Место погребения выбирали подальше от усыпальницы вождя мирового пролетариата — крайнее слева, за могилой Калинина. Его загодя обнесли сплошным забором как бы для проведения ремонтных работ.

Поздней ночью, когда Красная площадь была пустынна и холодный осенний ветер кружил по мокрой брусчатке невесть откуда залетевшие сморщенные листья, солдаты специального кремлевского караульного подразделения пронесли сквозь распахнутые задние двери Мавзолея оббитый красным и черным пышный гроб и осторожно опустили в сырую яму. Закапывали тихо, стараясь, чтобы не звенели штыки лопат и не громыхали о крышку комья земли.

За два дня до описываемого события, 29 октября в 19 часов 47 минут Мавзолей посетил секретарь ЦК КПСС товарищ Шелепин. Он вошел в усыпальницу тем же путем, каким немного погодя отправился в последний путь прах Отца народов, и надолго бездвижно замер у саркофага, под которым покоилось тело великого Сталина.

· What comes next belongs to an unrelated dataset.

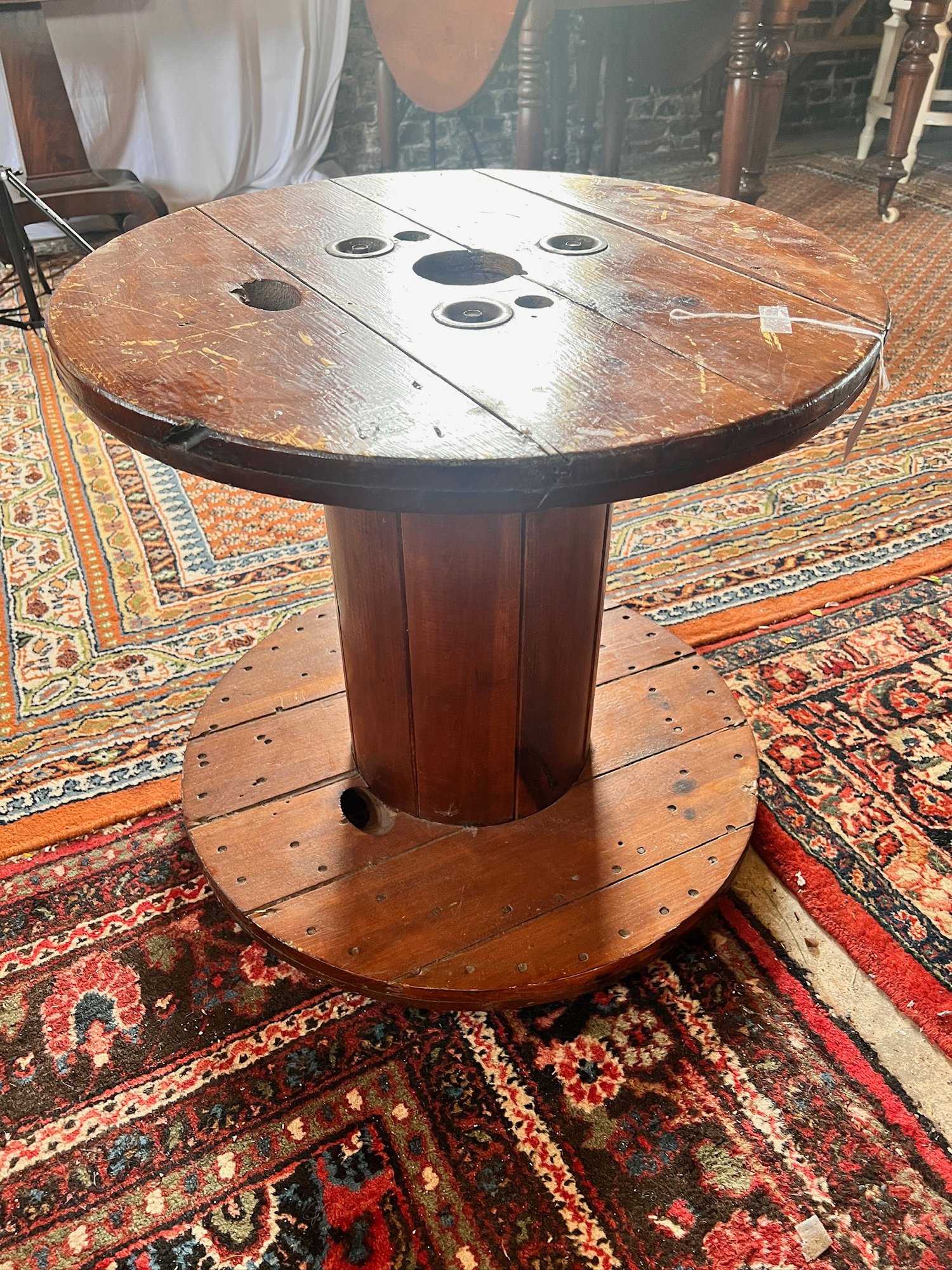 Vintage solid wood electrical spool on wheels. In very good used condition. Great display or movable small work station.

Шелепин никогда не считал себя сентиментальным и способным на рефлексию человеком, но теперь (надо сказать, не без удивления) испытывал нечто похожее на угрызения совести.

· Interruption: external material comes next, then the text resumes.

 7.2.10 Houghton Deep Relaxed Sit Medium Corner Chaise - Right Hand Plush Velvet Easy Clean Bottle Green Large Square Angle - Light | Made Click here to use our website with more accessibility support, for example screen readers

Он глядел на сосредоточенный, суровый сталинский профиль, на узкий покатый лоб и крупные, миндалевидной формы ноздри, на сжатые бледные губы, и в душе подымалась бессильная злоба.

Ведь и по его, Шелепина, вине, по его малодушию Сталина изгоняют из последнего пристанища. Трудно даже представить, что в траурном зале Мавзолея отныне будет стоять только один гроб с маленьким, похожим на лакированную куклу с приклеенными усиками и бородкой телом Ленина. А Сталин обречен гнить в земле.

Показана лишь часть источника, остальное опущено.